Теперь она приходит к нам почти каждый день. Иногда она говорит с отцом на всякие медицинские темы, а так все больше молчит. Сидит, курит. Мне нравится, когда молодые женщины курят. Когда старухи курят, так это все равно, что мужчины... Она сидит, курит, смотрит в окно, будто нет ни отца, ни меня. Спрашивается: зачем это делать у нас? Точно так же она может молчать и курить у себя дома. Она из Ленинграда. А родители жили где-то в районе Бреста, погибли в первые же дни войны. Когда отец что-нибудь говорит, она вся его слушает — каждым волосом, каждым пальцем. Даже противно. Правда, его многие внимательно слушают. Я в Москве был на его лекции — тишина такая, что я заснул.
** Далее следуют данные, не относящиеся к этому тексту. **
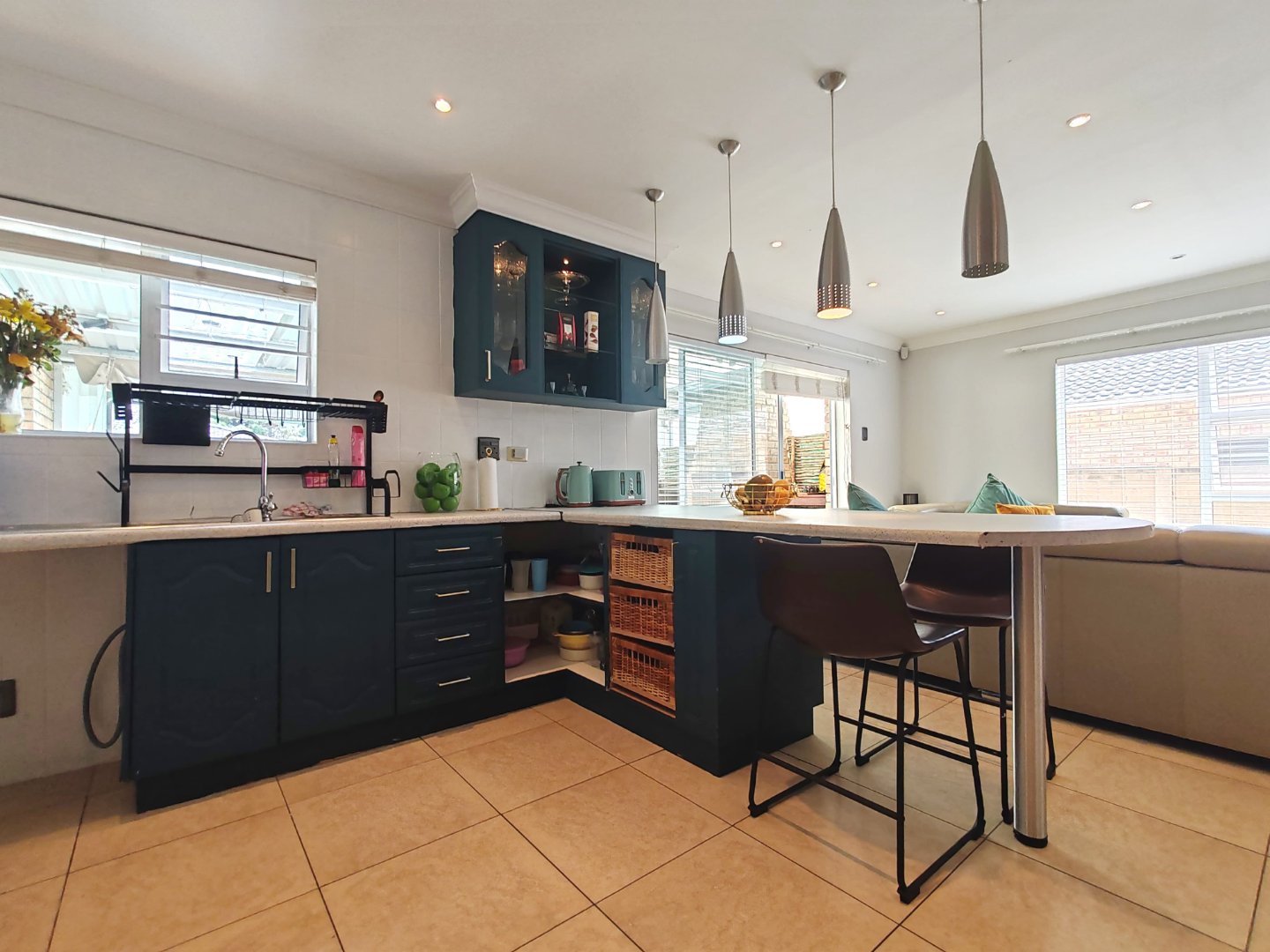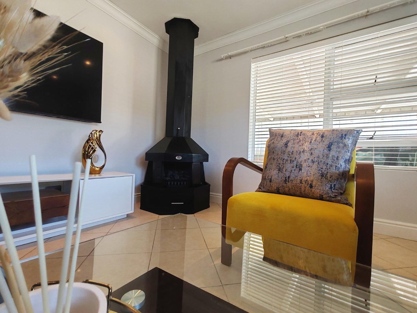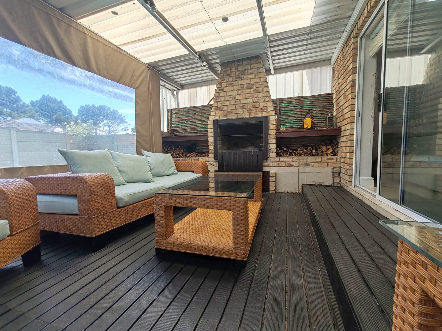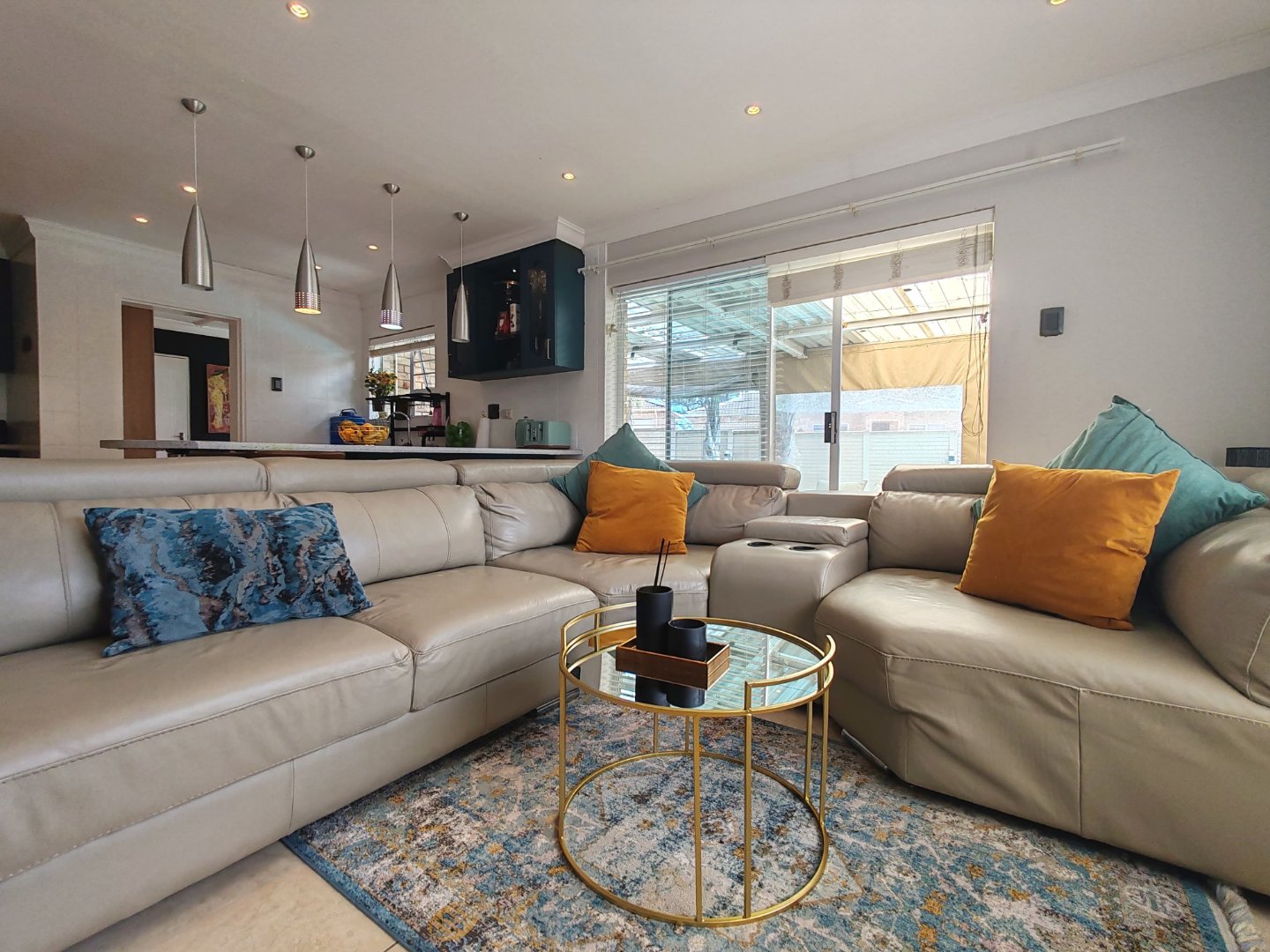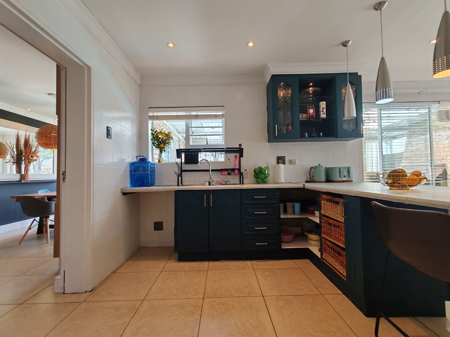 Dining room has built in cupboards, decorative basket lights to add to the ambiance. The sliding door also leads out to the braai and pool area.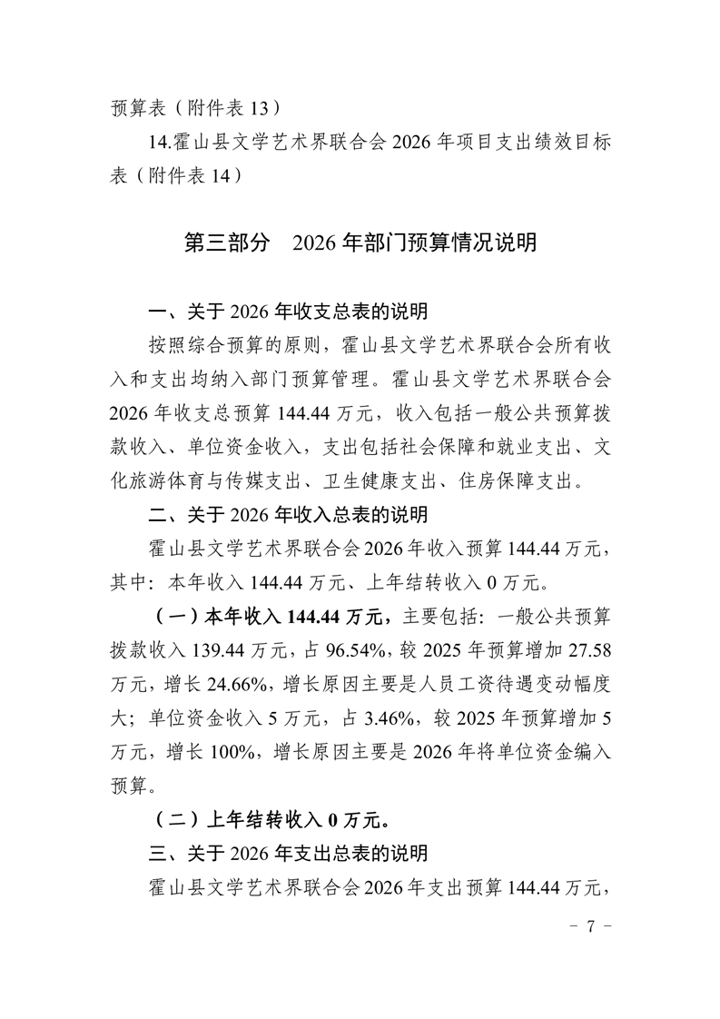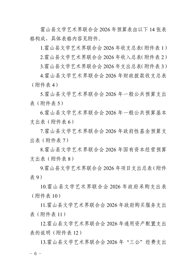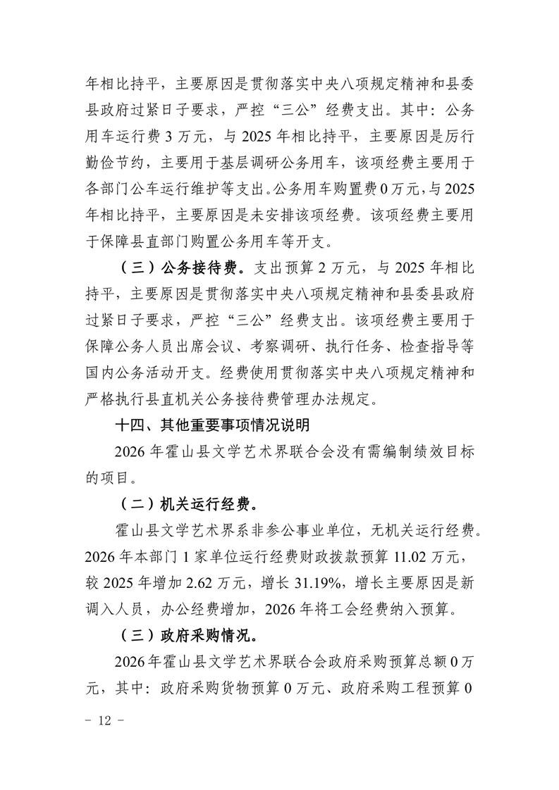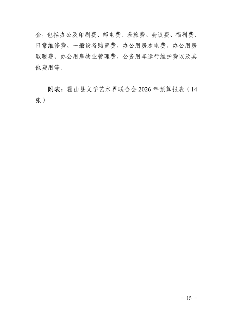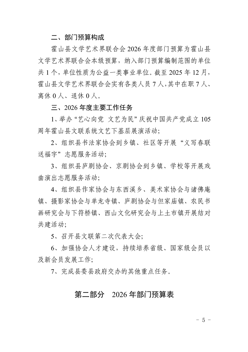 霍山县文学艺术界联合会2026年部门预算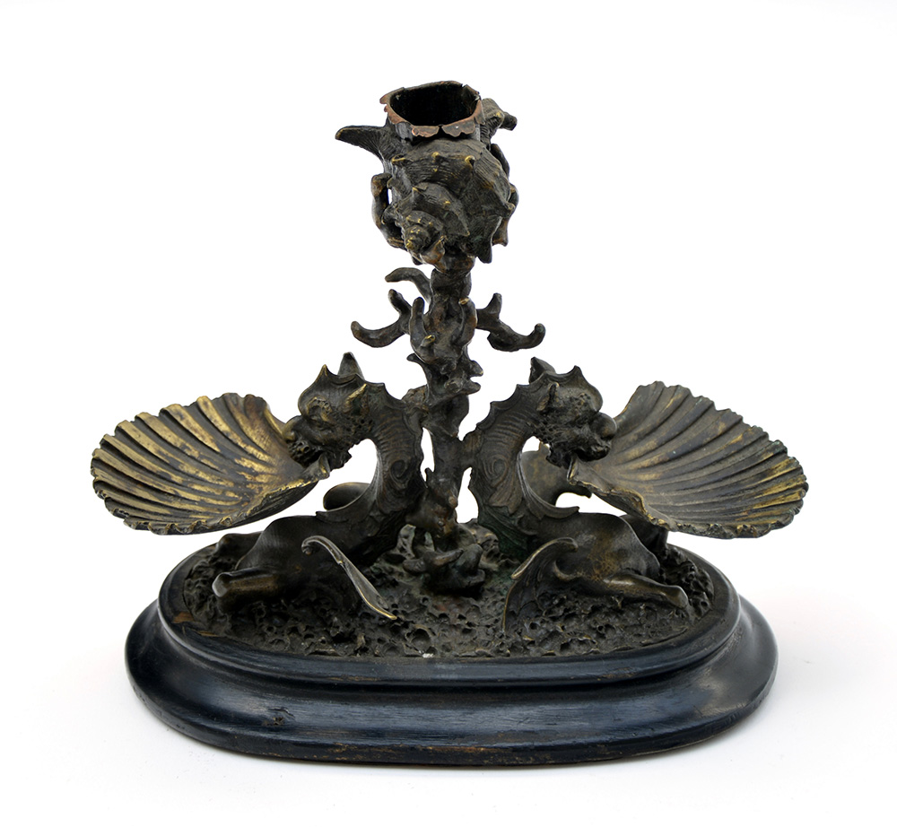 Saliera in bronzo con vasche a forma di valve di conchiglia sorretta a figure fantastiche alate e centrate da ramo con porta candela a forma di conchiglia (h. cm 15) Secolo XIX. Poggiante su base in legno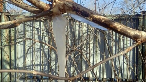 По утрам на городских деревьях можно увидеть сосульки. Особенно часто они попадаются на кленах.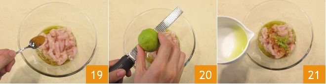 Add the cayenne pepper 19 and both the grated zest 20 and the squeezed juice 21 of the lime.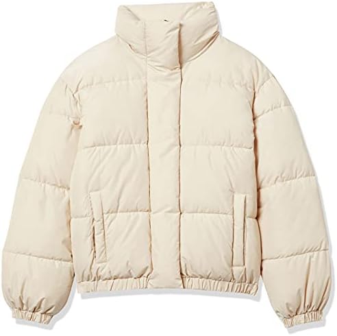 An Amazon Brand – Cold weather style is easy with this mock-neck short puffer jacket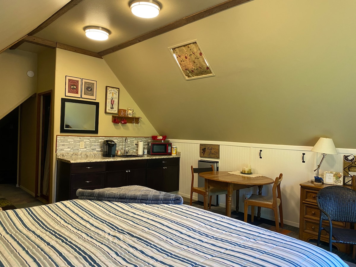 Vista Grande Vineyard Private Guest Suite welcomes you. Enjoy this quiet country retreat in the heart of the Chehalem Mountain American Viticulture Area. The loft space has a private entrance, king bed, bathroom and kitchenette. We are a working five acre vineyard featuring Pinot Noir grapes. Take in an impressive four mountain view of Hood, Adams, St Helens and Rainier from our patio by the small pond. We are located near local wineries: Ponzi, Raptor Ridge, Potters & Avidity.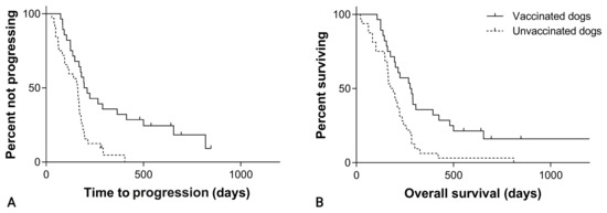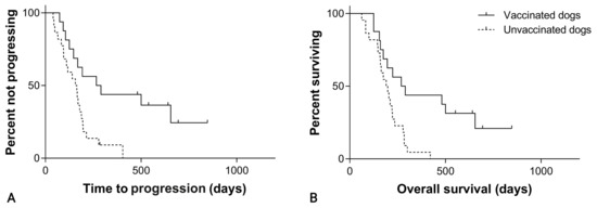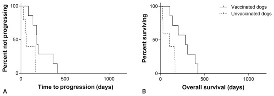 For vaccinated dogs, disease status was ascertained via imaging using standard techniques at each vaccination and on a monthly–bimonthly basis thereafter. For control dogs, disease status was ascertained via imaging after every two cycles of chemotherapy, at the end of treatment and after every 2–3 months thereafter until the documentation of progressive disease. When clinically indicated, additional diagnostics were performed.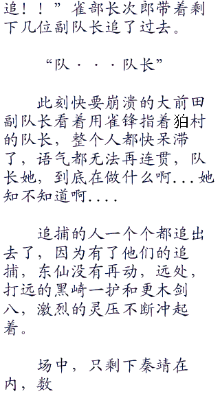 狛村左阵低头,视线在透过那木制护具的面板后,看到了那片白色的队长羽织,飞舞的发梢...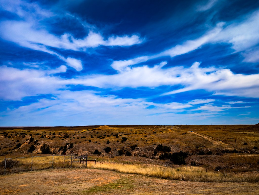 Without any peaks to break up the view, the eye is drawn to the subtle textures of the earth and the deep, saturated blues of the atmosphere. The fence line in the foreground gives a great sense of perspective and scale—it’s just you, the grass, and the long road ahead.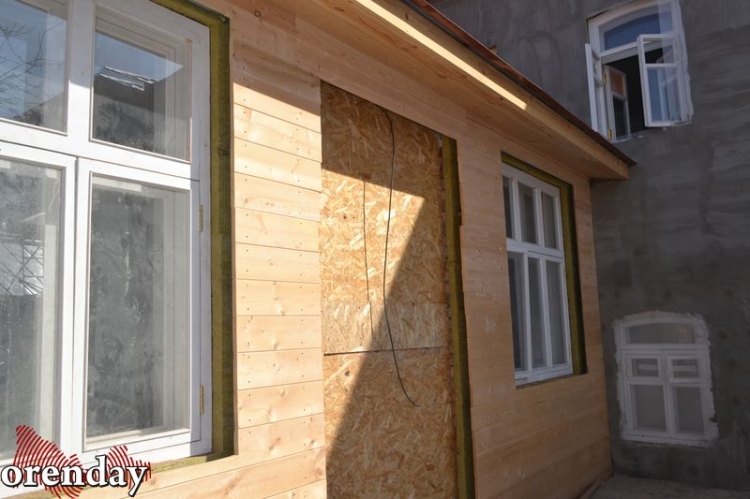 До открытия музея остались считанные недели, а фронт завершающих работ - огромный. Строители укладывают новый пол, шпаклюют стены, работают над внешним убранством. Фасад части дома теперь закрывает деревянная облицовка.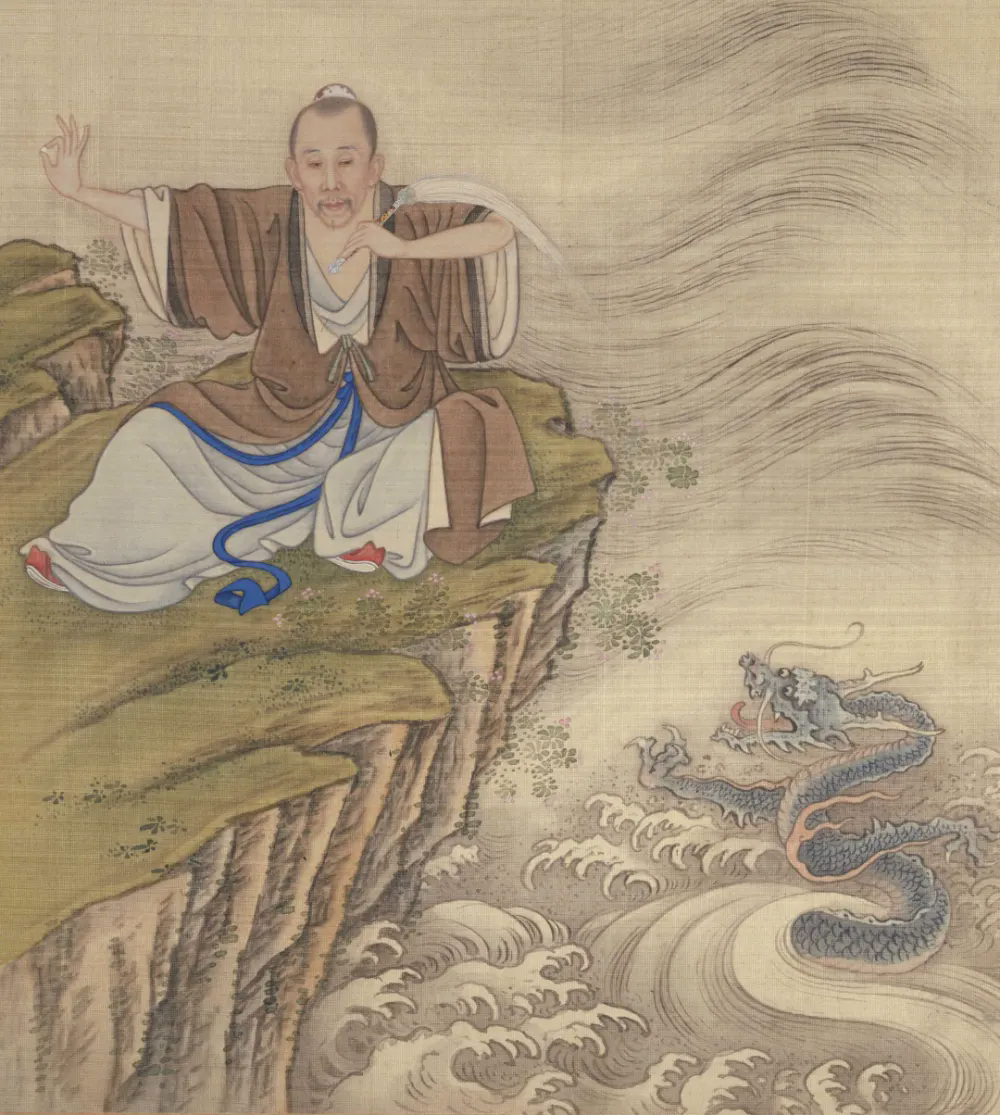 清代《雍正帝行乐图》,一副仙风道骨神仙像的雍正皇帝,正在降伏兴风作浪的蛟龙
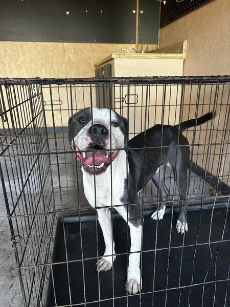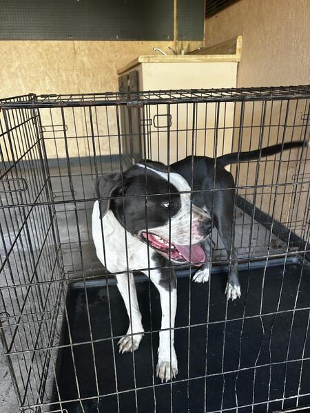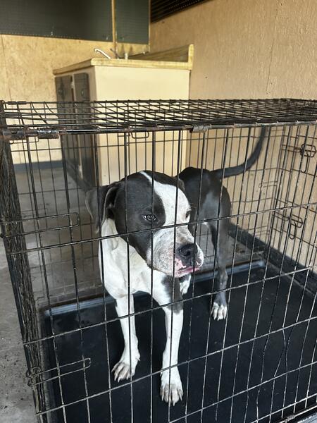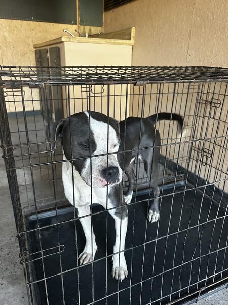 1yo pitbull no crate . Must have one for pickup. Not aggressive. Been around kids. Outside dog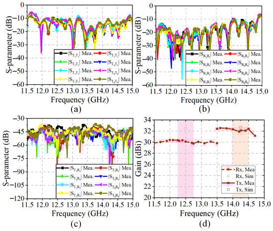 Figure 18a,b, the measured bandwidths of all the Rx and Tx ports are 26.1% (from 10.85 GHz to 14.1 GHz) and 11% (from 13.3 GHz to 14.85 GHz), respectively. The ports working in the Tx-band are greatly affected by the SMA welding; therefore, the S-parameters of these ports are inconsistent.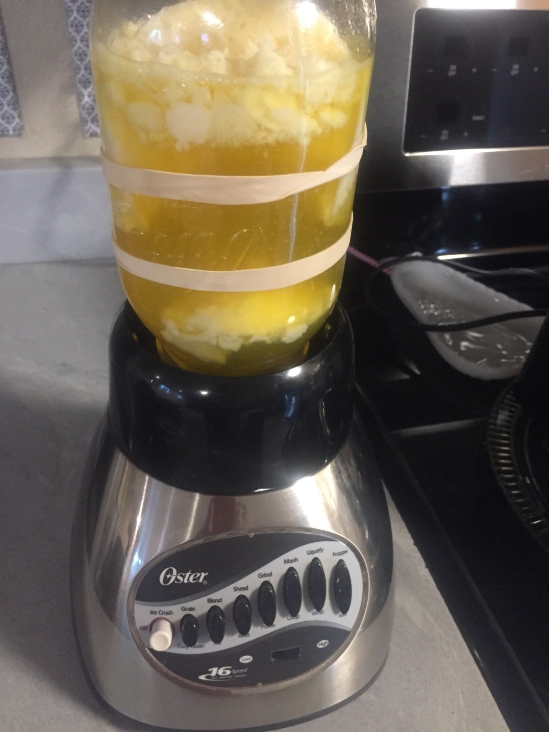 I use the long handle of the wooden spoon inserted in the jar like a knife to break up the large (but relatively soft) clump that forms in the jar after cooling… just break it up a little bit (i slowly poke a hole in the center all the way thru and then I slowly cut it into quarters using the spoon handle like a knife. I go slow so soap doesn’t slip out the sides and make a mess) before I put the jar on the blender. You probably don’t have to do this, but that’s what I do. I found with my blender it seems to help it blend easier. Yours may be different tho.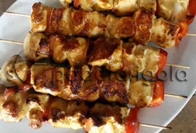- Tallem el pebrot i la ceba a trocets d’uns tres cm. i ja podem enfilar. anant intercalant pollastre, ceba i pebrot.

Мне нравится ее лицо, вернее, нравилось бы, если б она была просто женщина, посторонняя женщина, которую я увидел на улице. Но она не просто женщина. И поэтому лицо ее мне все-таки не очень уж нравится. Уж слишком часто я его вижу. Они с отцом на «вы», но, по-моему, это маскарад, уж лучше бы по-честному.

А может, все это мне только кажется. Разве не бывает, что мужчина и женщина просто дружат? Просто дружат, ну как я с Хайдером, что ли... Ну не совсем так, но приблизительно. Вот и они просто дружат. И раз она друг моего отца, значит, она и мой друг. Вассал моего вассала — мой вассал.

В детстве у меня была такая привычка: когда кто-нибудь приходил к нам в дом, я спрашивал: «Вы любите моего отца?» Я у всех спрашивал. Некоторые смущались, а отец говорил: «Ты задаешь довольно странные вопросы». А мне было все равно, мне было важно знать, любят ли они моего отца. Если нет, так пусть уходят, пусть катятся колбаской по Малой Спасской.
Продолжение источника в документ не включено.